━━━━━ Entries shown ━━━━━
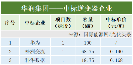 华润集团本统计周期有3个逆变器采购项目定标。华为、株洲变流、科华数据等三家企业中标,详情如下:
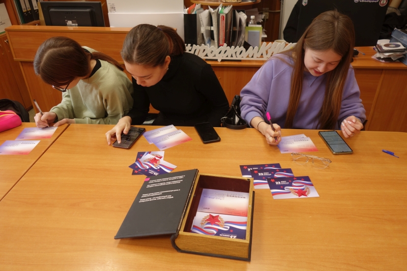 В преддверии празднования Дня защитника Отечества и Международного женского дня в профкоме КНИТУ более 150 студентов университета — членов профсоюза написали своим свои родным и любимым людям поздравления с праздниками на праздничных фирменных открытках Профкома КНИТУ. По итогам акции 169 заполненных открыток были отправлены в разные уголки нашей страны, а некоторые — и в другие страны.
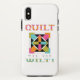 Cette belle boîte téléphonique présente la célèbre "Quilt 'Til You Wilt!" citation dans de magnifiques couleurs de rose chaud, orange, vert et turquoise. Il présente également une typographie de blocs de surface composée originale créée pour The Quilt Press. Nous le rendons si simple pour montrer votre passion pour la courtepointe! © La presse à courtepointe
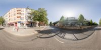 A fish-eye lens captures the view of Berlin's cityscape, showcasing its unique architecture and urban design. Streets lined with buildings, bridges, and public spaces create a vibrant and dynamic atmosphere. This snapshot represents the essence of the city.
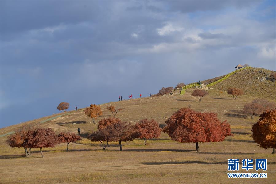 10月12日,游客在五角楓生態旅游景區游玩。 金秋時節,內蒙古興安盟科爾沁右翼中旗五角楓生態旅游景區的五角楓迎來最佳觀賞期,棵棵楓樹點綴了秋日草原,美景如畫。 新華社記者 葉紫嫣 攝
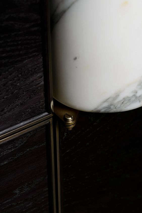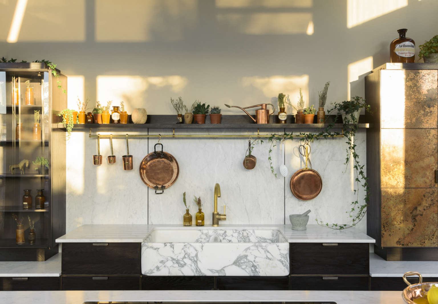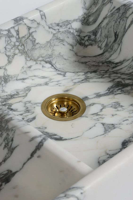 Above L: The Tuscan Farmhouse Sink, the newest offering in deVol’s lineup of marble farmhouse sinks, was sculpted from a single block of Arabescato marble. Above R: The cabinets have cast-brass pivot hinges that were inspired by Crittal windows.
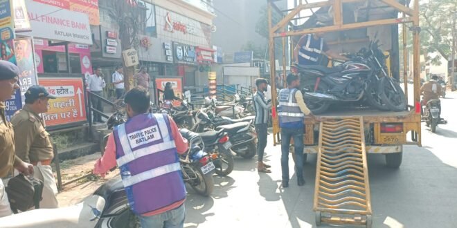 पुलिस अधीक्षक महोदय अमित कुमार (भा.पु.से.) एवं अतिरिक्त पुलिस अधीक्षक महोदय राकेश खाखा (रा.पु.से.) के मार्गदर्शन में उप पुलिस अधीक्षक यातायात अनिल कुमार राय द्वारा हमराह यातायात पुलिस बल का.सउनि.सर्वेश द्वीवेदी, का.सउनि.सुरेन्द्र सिह बौराना, आर. भगत सिह, व क्रेन पार्टी के साथ सयुक्त रुप से सडक सुरक्षा माह-2025 परवाह थीम के तहत दो बत्ती चौराहा से न्यू रोड, लोकेन्द्र टाँकिज चौराहा तक नो पार्किंग मे लगे वाहनो पर चालानी कार्यवाही की गई अव्यवस्थित रुप से “नो पार्किंग” मे लगे वाहनों को क्रेन से टोईंग कर सुरक्षीत थाने पर खडा किया गया व सब्जी फ्रुट के हाथ ठैलागाडी , फुटपाथ पर सब्जी बेचने वालो व दुकानो के बाहर फुटपाथ पर रखे सामान को समझाईस देकर हटवाया जाकर दो बत्ती से लोकेन्द्र टाँकिज तक के मार्ग को यातायात के लिए सुगम व सूचारु किया गया । यह अभियान रतलाम शहर में यातायात को सुगम, सुरक्षित व सूचारु बनाने के लिए लगातार जारी रहेगा । यातायात को सुगम, सुरक्षित व सूचारु बनाने के लिए यातायात पुलिस रतलाम का सहयोग करे । आमजन तक सडक दुर्घटनाओ में कमी लाने एवं यातायात नियमों का शत-प्रतिशत पालन करने सम्बंधी जानकारी दी गई।
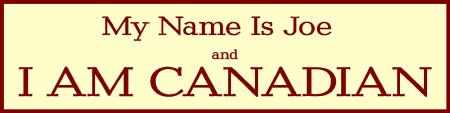 Popular Canadian saying, My Name is Joe and I am Canadian 6" x 24"
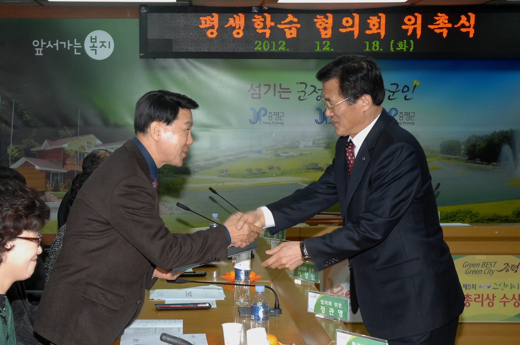 증평군은 18일 군청 소회의실에서 평생학습협의회 및 실무협의회 출범식을 개최하고 평생학습협의회 위원 9명, 실무협의회 위원 12명 등 총 21명의 위원을 위촉했다. [보도자료실 참조]
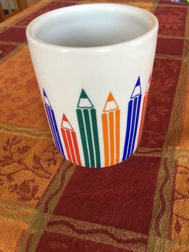 VTG Porcelain Mug/ Pencil Holder w/ Multicolor Pencil Detail Made in Israel
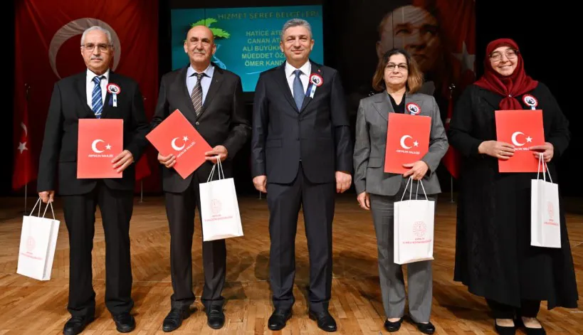 Konuşmasının ardından Vali Hulusi Şahin, eğitim meşalesini uzun yıllardır azim ve fedakârlıkla taşıyan emekli öğretmenler Hatice Ateş, Canan Atik, Ali Büyükkök ve Ömer Kandil’e Hizmet Şeref Belgelerini takdim etti. Vali Şahin daha sonra 24 Kasım Öğretmenler Günü dolayısıyla düzenlenen Resim, Şiir ve Kompozisyon yarışmalarında dereceye giren öğrencilere ödüllerini verdi.
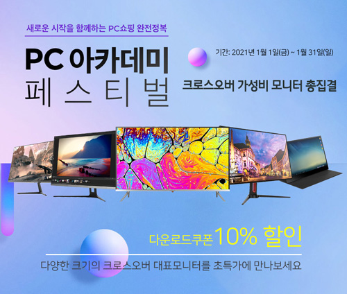 이번 행사동안 크로스오버의 포터블, 24, 27, 32, 40형, 고해상도, 고Hz, 평면, 게이밍 등 다양한 모니터들이 저렴하게 판매된다. 11번가 1월 PC아카데미 프로모션 상품들은 컨텐츠 내에 ‘PC아카데미 페스티벌’ 배너가 위치하며, 이를 클릭하면 10% [모니터/프린터] 할인쿠폰을 내려받아 사용할 수 있다.
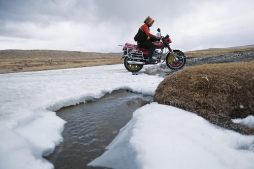 约古宗列曲位于青海省玉树藏族自治州曲麻莱县麻多乡,这里是三江源国家公园的核心区。三江源国家公园在生态保护第一的前提下,建立”一户一岗”生态管护公益岗位机制,园区内每户有1名生态管护员。图为在约古宗列曲附近,生态管护员才仁扎西驾驶摩托车巡护。 新华社记者张龙/摄
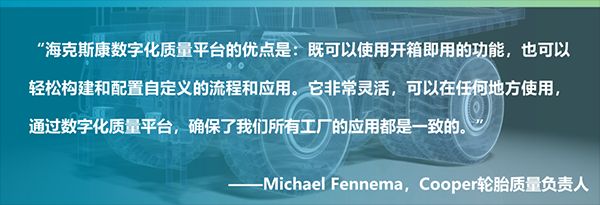 Cooper輪胎部署的是??怂箍倒I(yè)軟件旗下QMS數(shù)字化質(zhì)量平臺,來管理電子文件控制。隨著公司發(fā)展,Cooper輪胎希望質(zhì)量平臺能夠處理更多的系統(tǒng)問題,如全球各地的內(nèi)部設(shè)計(jì)驗(yàn)證。和許多剛開始數(shù)字化質(zhì)量管理轉(zhuǎn)型升級的公司一樣,Cooper輪胎公司使用電子郵件,或者利用SharePoint存儲(chǔ)的文檔,來管理生產(chǎn)過程的透明度、可見性、可追溯性,以及質(zhì)量檢查和標(biāo)準(zhǔn)合規(guī)性。
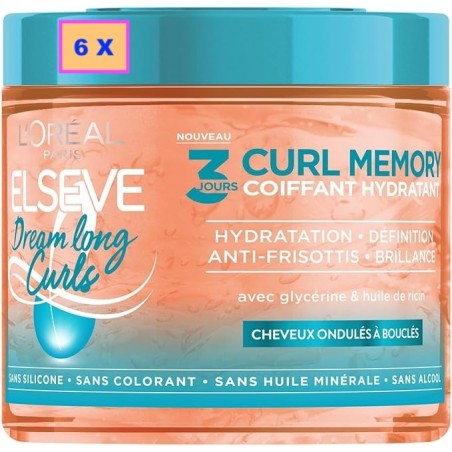 L'Oréal Paris - Gel Coiffant Hydratant 3 Jours Curl Memory pour Cheveux Bouclés (Packd de x6)
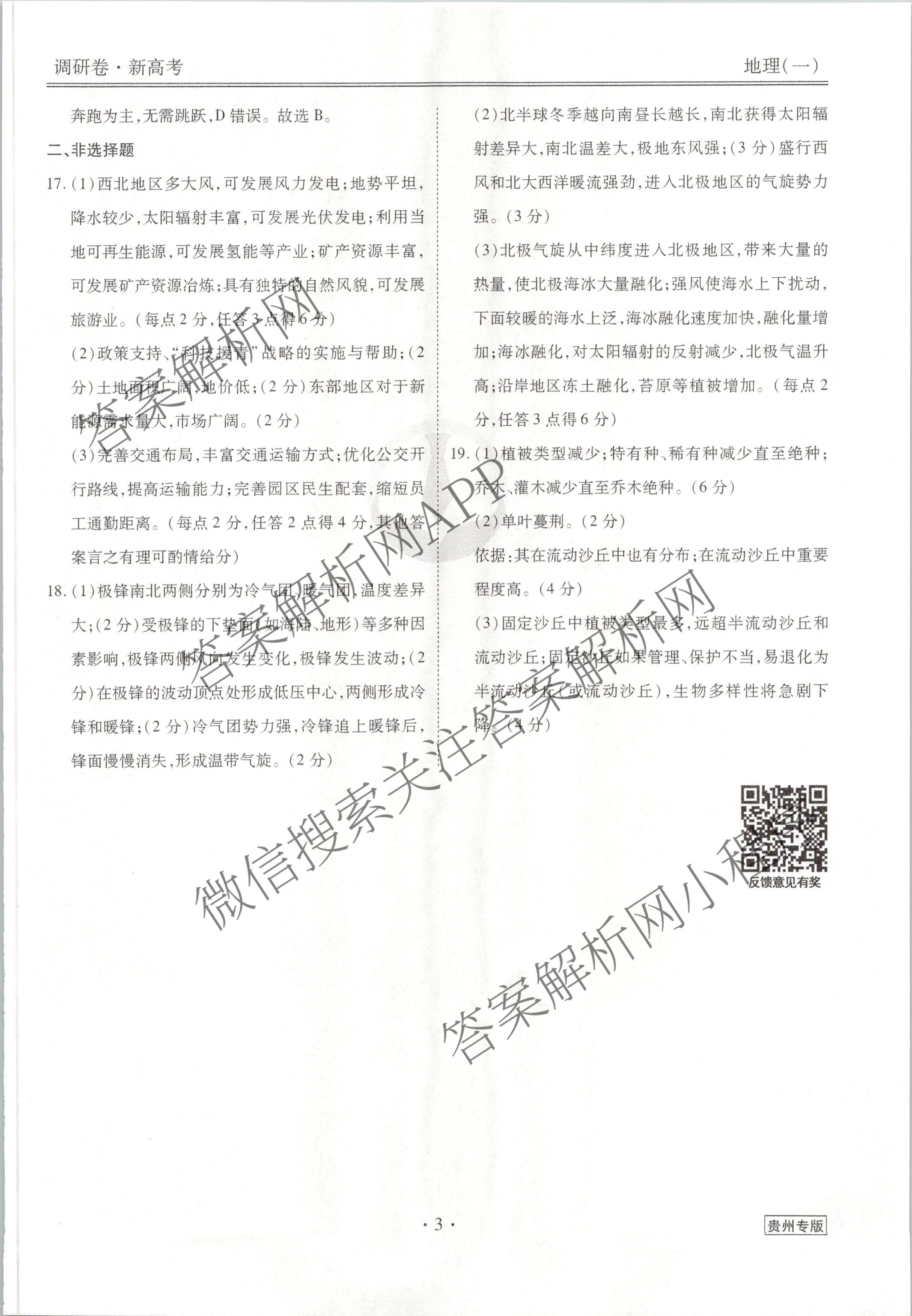 (衡水金卷先享题)·调研卷 2024年普通高中学业水平选择性考试模拟试题(一)1地理(贵州专版)答案
━━━━━
→ Activity:
This task calls for the lines from the line holding "约古宗列曲位于青海省玉树藏族" through the last line above, restated word for word with both ends included and the pictures dropped.

→ Task output:
 约古宗列曲位于青海省玉树藏族自治州曲麻莱县麻多乡,这里是三江源国家公园的核心区。三江源国家公园在生态保护第一的前提下,建立”一户一岗”生态管护公益岗位机制,园区内每户有1名生态管护员。图为在约古宗列曲附近,生态管护员才仁扎西驾驶摩托车巡护。 新华社记者张龙/摄
 Cooper輪胎部署的是??怂箍倒I(yè)軟件旗下QMS數(shù)字化質(zhì)量平臺,來管理電子文件控制。隨著公司發(fā)展,Cooper輪胎希望質(zhì)量平臺能夠處理更多的系統(tǒng)問題,如全球各地的內(nèi)部設(shè)計(jì)驗(yàn)證。和許多剛開始數(shù)字化質(zhì)量管理轉(zhuǎn)型升級的公司一樣,Cooper輪胎公司使用電子郵件,或者利用SharePoint存儲(chǔ)的文檔,來管理生產(chǎn)過程的透明度、可見性、可追溯性,以及質(zhì)量檢查和標(biāo)準(zhǔn)合規(guī)性。
 L'Oréal Paris - Gel Coiffant Hydratant 3 Jours Curl Memory pour Cheveux Bouclés (Packd de x6)
 (衡水金卷先享题)·调研卷 2024年普通高中学业水平选择性考试模拟试题(一)1地理(贵州专版)答案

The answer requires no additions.